Ziadna has joined an emerging pantheon of heroes who were able to carry out daring feats of rescue during a chaotic, dangerous and bloody attack in which thousands of Israelis were killed, wounded or taken captive. One of the people he saved posted about him on social media shortly afterwards.
Ziadna is “a larger-than-life man to whom we will forever be indebted,” Amit Hadar wrote in Hebrew in a post that was shared widely starting on Oct. 7. “When, with God’s help, we reach better days, save the number for the next time you need a ride — if anyone deserves it, this person does.”
Yet at the same time, Ziadna is grieving a cousin who was murdered during the attack and worrying about four other family members who remain missing. He also received a threat from someone who claimed to be affiliated with Hamas, vowing retaliation for Ziadna’s efforts to save Jews after they were recounted in a local newspaper. And he is concerned that his fellow Bedouins, a minority that remains marginalized in many ways within Israeli society, are at risk given the lack of bomb shelters in Rahat.
The stress of it all has already sent him to the emergency room with chest pains — but he is determined to press on.
“When I think about it, I ask how did we get out of there,” Ziadna recalled Monday, 10 days after the massacre. “I guess it’s fate that we’re meant to live longer in this world.”
Ziadna started Oct. 7 early, driving Hadar and eight of his friends from the town of Omer to the rave at Kibbutz Re’im at 1 a.m. He left with the instruction to pick them up the following day at 3 p.m.
But at 6 a.m. he received a call for help from Hadar. Believing that the call for help was due to a code red for incoming rockets fired from Gaza, Ziadna raced to his bus.
“I didn’t wash my face, I didn’t even get dressed,” Ziadna said. “This is standard over here in the south.”
But as soon as he reached the Sa’ad junction, a mile away from Kfar Aza, one of the Gaza border communities that experienced some of the worst horrors of the Oct. 7 massacre, a new picture began to emerge. A man who had escaped from the party ran towards him, furiously signaling to Ziadna to make a U-turn. Ziadna, not comprehending, exited the minibus to speak to him. Moments later, Ziadna, the man and a woman who accompanied him were caught in gunfire.
“Bullets were flying everywhere,” Ziadna said, adding that the three dived into a ditch on the side of the road. He said, “I raised my head and the guy told me, ‘Why are you doing that? You’ll get a bullet in your brain!’”
Ziadna told the disbelieving couple that he would continue on to the site of the party. “I stared death in the face,” he said. “But I knew I couldn’t give up on my missions.

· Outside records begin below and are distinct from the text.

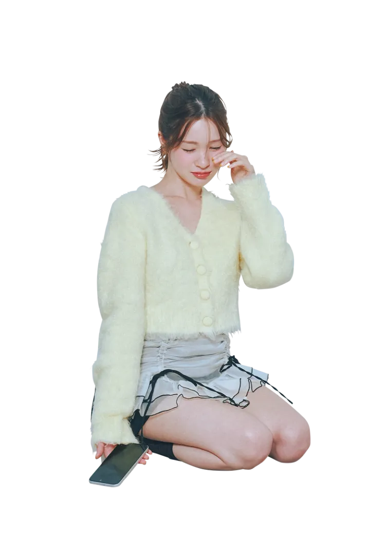 ニットカーでとショートパンツをあわせれば、王道あざとコーデの完成。ふわもこアイテムと肌見せの二刀流で彼の視線をゲットして♡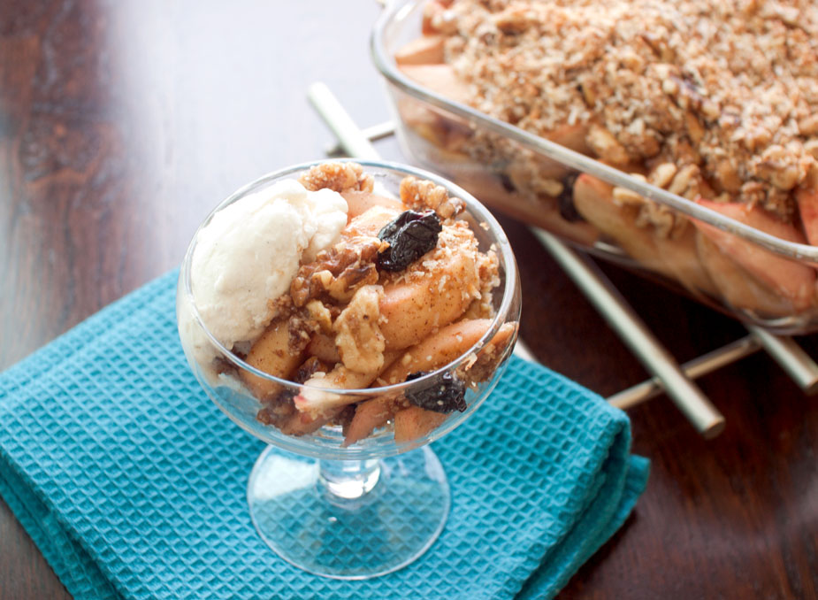 - For the crumble topping, mix all ingredients in a medium bowl. Sprinkle the topping over the fruit and bake for 20 to 25 minutes at 325 degrees, or until the topping is golden brown. Let cool for a few minutes before serving. Top with scoop of coconut milk ice cream (optional).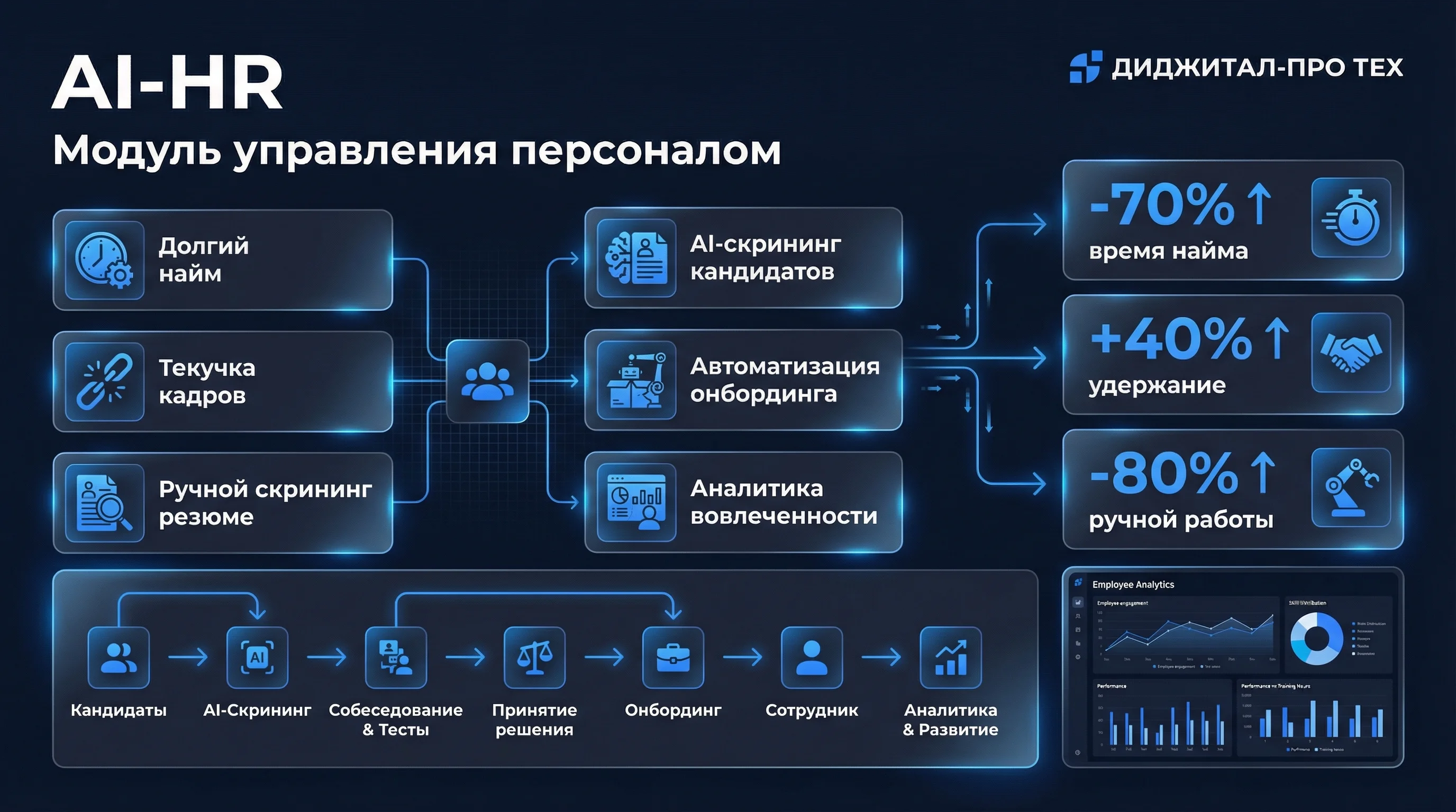 AI-HR — модуль AI-FIRST Technology для автоматизации рекрутинга и HR-процессов. Ускоряет найм в 2-3 раза (10-15 дней вместо 30-45). Скрининг 200 резюме за 30 минут. Retention +25-30%. Экономия 2.4-4.8 млн ₽/год. Сокращение штата HR с 3-4 до 2 человек. ROI 90-198%, окупаемость 6-9 месяцев.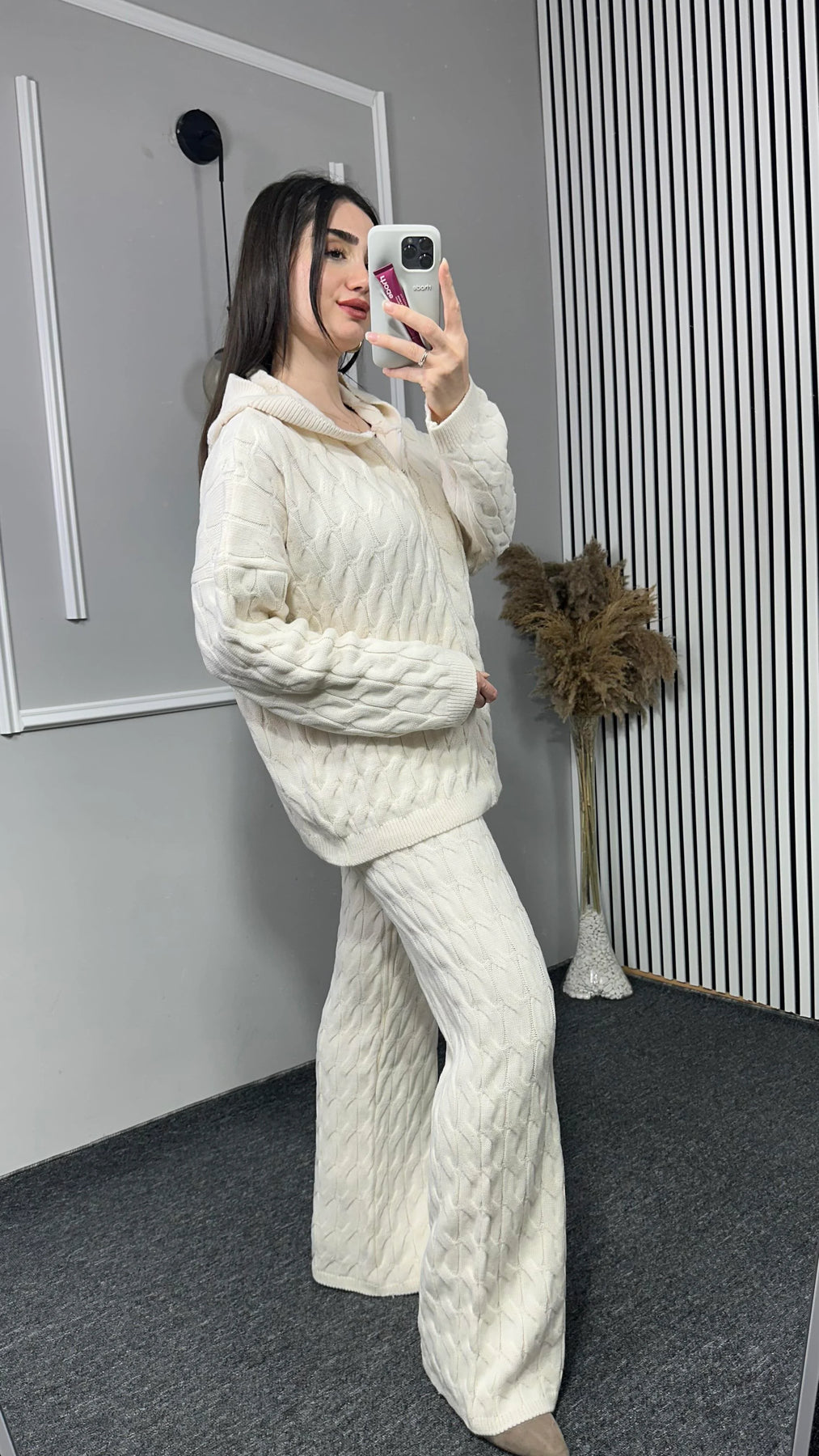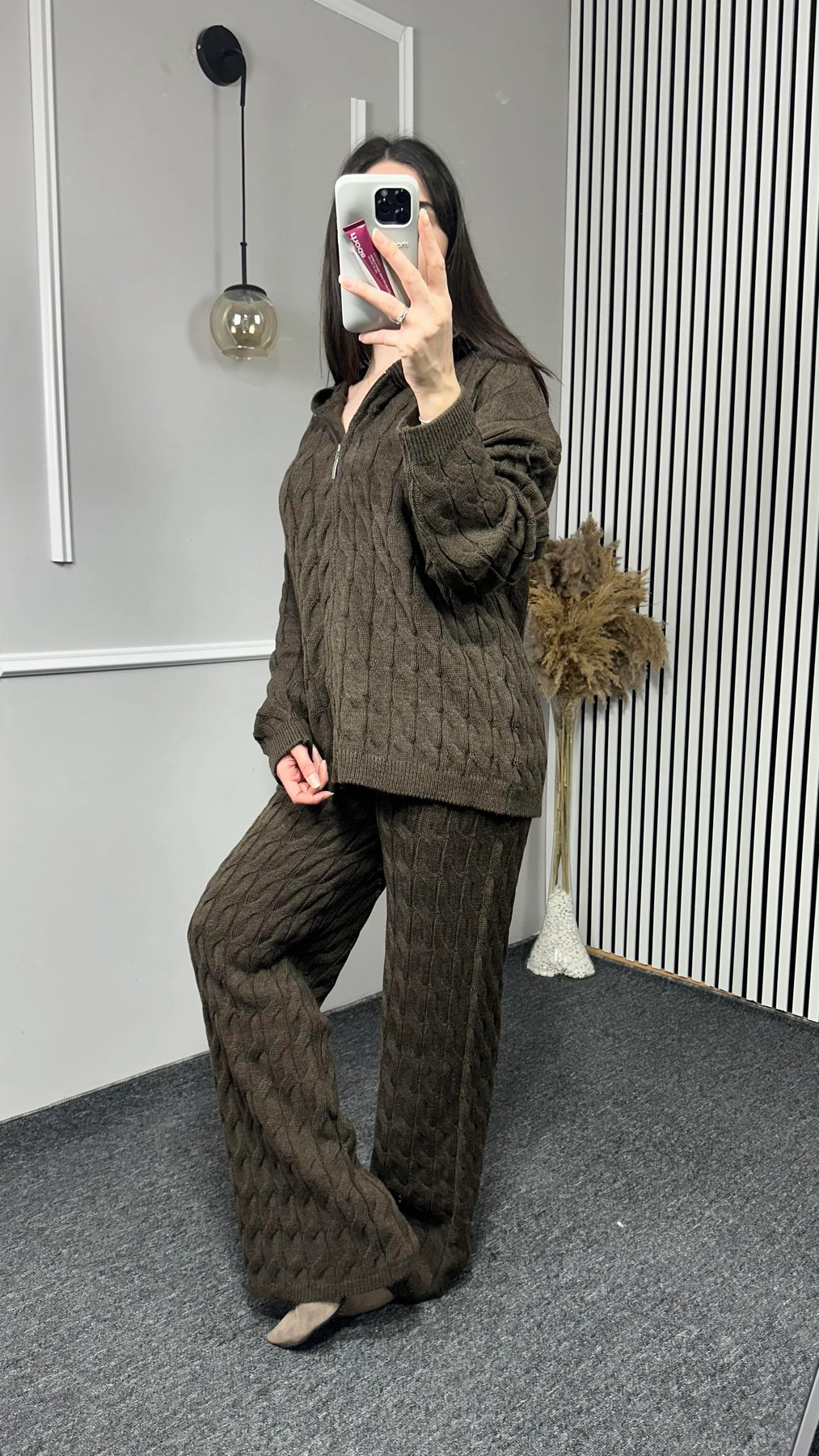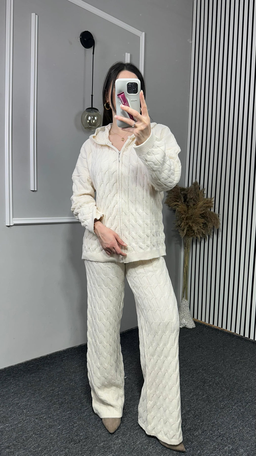 Kapşonlu Desenli Triko Takım
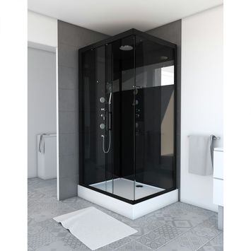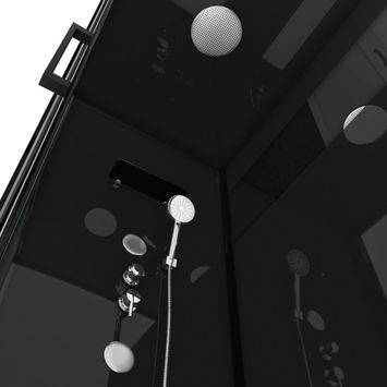 Deze strak ontworpen zwarte douchecabine van Aurlane is perfect wanneer je iets minder ruimte in de badkamer hebt. De cabine beschikt namelijk over een schuifdeur in de hoek. Daardoor heb je geen extra ruimte nodig om de deuren te kunnen openen. De wanden zijn gemaakt van 4 mm dik veiligheidsglas. Daar bovenop heeft de cabine een ingebouwde regendouche, een handdouche en 2 grote waterjets. De douchebak van deze Aurlane Douchecabine met Schuifdeur Black Mirror 2 Rechthoek Zwart 80x110 cm heeft een ondersteuningsframe met steunpoten. De hele set bestaat uit een centrale douchekolom, een douchebak, een voorzijde in zwart veiligheidsglas van 4 mm dik en een set achterwanden in zwart acryl. Deze cabine is ook beschikbaar in een vierkante en kwartronde uitvoering.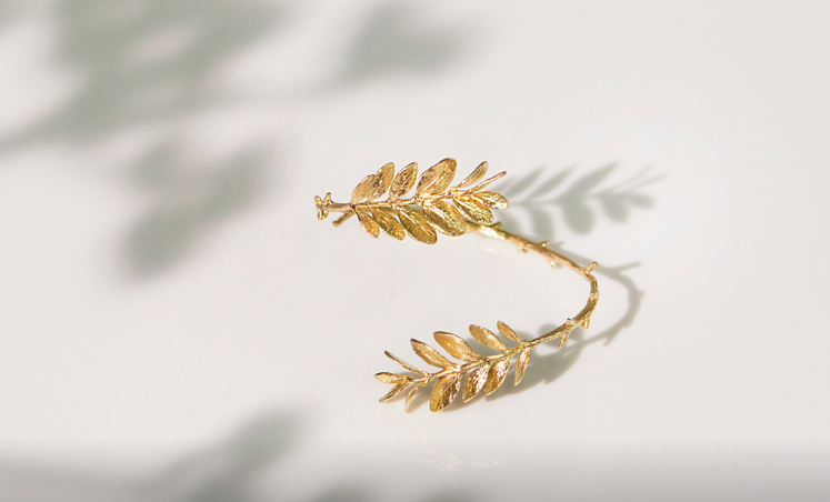 日復一日我們經歷著生命的高低起伏、季節更迭,新生與凋零總在霎那間,隨著時光的荏苒,那最初的感動很容易被沖淡被遺忘。設計師使用新生命的意象,成全想好好保護、收藏這份真情的心意,讓嫩芽般充滿希望與活力的精神,可以投射在每個戴上它的人心中。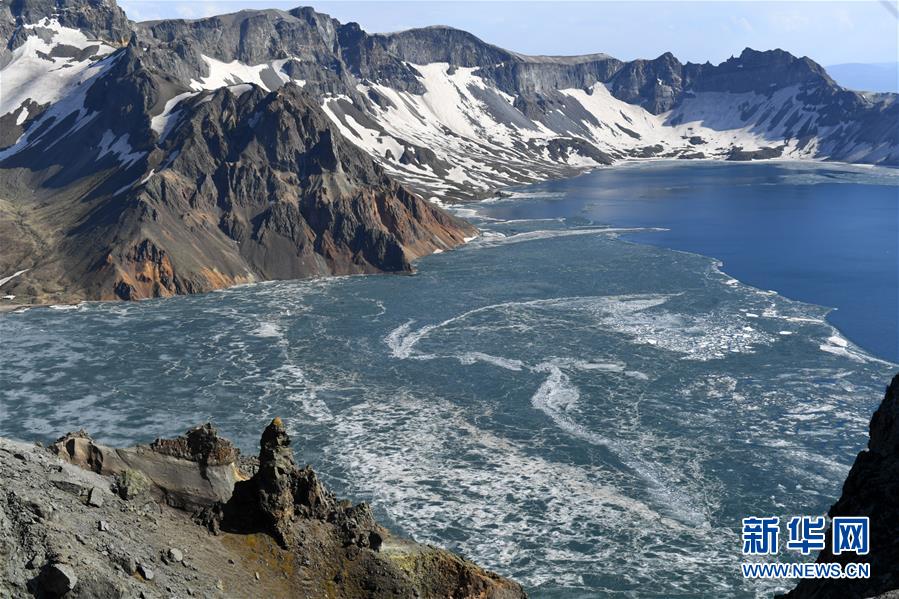 這是6月12日拍攝的長(zhǎng)白山天池。近日,長(zhǎng)白山天池冰層逐漸消融,迎來“開冰季”。新華社記者 林宏 攝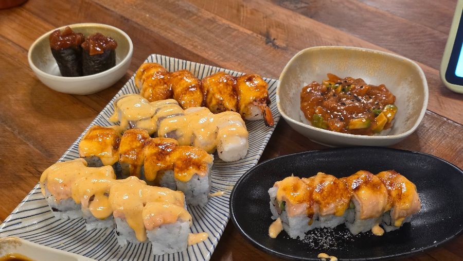 다만, 일부 리뷰에서는 생선 퀄리티가 평범한 뷔페 회 정도라는 의견과 함께, 스시 밥이 차갑거나 냉장고에 오래 있었던 것 같다는 아쉬움도 있었습니다. 하지만 대체적으로 음식의 질이 좋다는 평이 많으며, 특히 니기리는 밥이 꽤 푸짐하면서도 생선 양이 적당하여 만족스러운 식감을 제공한다고 합니다. 다양한 롤 메뉴들도 시선을 사로잡습니다. 아보카도와 연어가 어우러진 롤부터, 고소한 소스가 뿌려진 퓨전 롤까지, 개성 넘치는 비주얼은 먹기 전부터 기대감을 높입니다. 신선한 재료와 정성스러운 플레이팅은 이곳이 단순한 뷔페가 아님을 증명하는 듯합니다.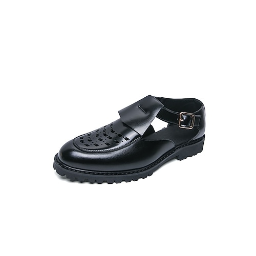 sandali da uomo con fibbia in similpelle, eleganti e comodi per l'abbigliamento da resort e gli eventi all'aperto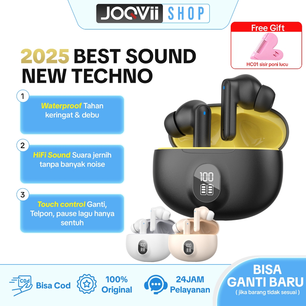 [Star] JOQVII Wireless Bluetooth Mini Earphones HD Stereo Sound in Ear with LED Battery Display - EP95R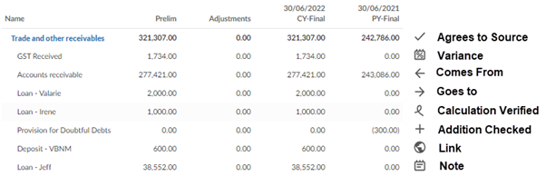 Purpose: The purpose annotation is used on audit work papers to denote auditing actions taken. These tick marks are useful from the audit manager’s perspective, to see which activities have been completed. The Variance tick mark will provide additional options to select either CY Prelim - PY Final or CY Final - PY Final.

I will go and rescue them.”
Navigating through bullet fire, Ziadna managed to reach his passengers at the scene of the party in Re’im where an inferno of bodies, blood and bullets reigned. “I told them to bring as many as possible,” he said. Twenty-four additional people crammed into the 14-seater vehicle, and on the way, they rescued another couple, one of whom had been shot in the leg. Ziadna says he also caught sight of a motorized Hamas paraglider hovering above, spraying bullets with a machine gun at revelers.
Under constant gunfire, the minibus sped away. Ziadna’s intimate knowledge of the terrain proved lifesaving, and he was able to cut a route through dirt roads, avoiding the main thoroughfare where terrorists were ambushing escapees. Many other cars took his lead and followed the minibus, he said.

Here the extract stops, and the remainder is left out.